Depuis le début des années 1990, les grandes institutions internationales ont inscrit dans leurs agendas la lutte contre la pauvreté comme un objectif prioritaire. La signature des Objectifs du Millénaire pour le Développement au début des années 2000 confirme que la réduction de la pauvreté reste prioritaire. Toutefois, il n’en reste pas moins qu’il est nécessaire, avant de mener toute politique de réduction d’en offrir une définition opérationnelle et une méthode de mesure qui permettent de quantifier le phénomène.

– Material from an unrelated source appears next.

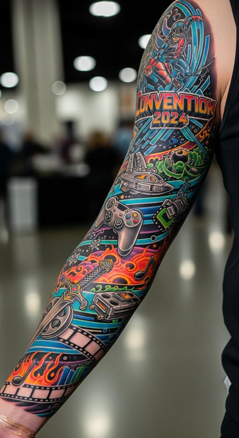 A convention-inspired sleeve draws from events, with fun themes on your arm. Look at expo ideas. Plan visits for inspiration.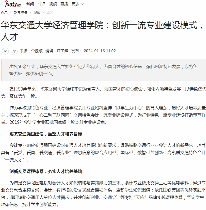 作为学校的特色专业,经济管理学院会计专业始终坚持“以学生为中心”的育人理念,把好人才培养质量关,探索形成了“一心二融三联四同”交通特色会计一流专业建设模式,为行业特色一流专业建设打造示范样板。2019年会计学专业获批国家级一流本科专业建设点。

La Banque Mondiale considère que la mesure de la pauvreté sur une base monétaire est la meilleure approche pour appréhender le bien-être des individus. Toutefois, comme Levine et al. (2011) le soulignent, les dernières estimations de la pauvreté des revenus ont alimenté de nouvelles discussions sur la nécessité des mesures qui reflètent mieux les multiples dimensions de la pauvreté et des privations. En d’autres termes, la pauvreté semble être une situation dans laquelle les individus sont exposés à de multiples désavantages (Alkire et al., 2014). Dans ce même contexte, Bertin et Leyle (2007) soutiennent que le seul critère monétaire ou des revenus (dépenses de consommation) ne permettrait pas de capter l’essentiel des privations dont sont victimes les individus ou les ménages les plus démunis. De plus, plusieurs travaux empiriques ont démontré que les individus qui sont multidimensionnellement pauvre ne le sont pas d’un point de vue monétaire et vice versa (Alkire et Kumar, 2012).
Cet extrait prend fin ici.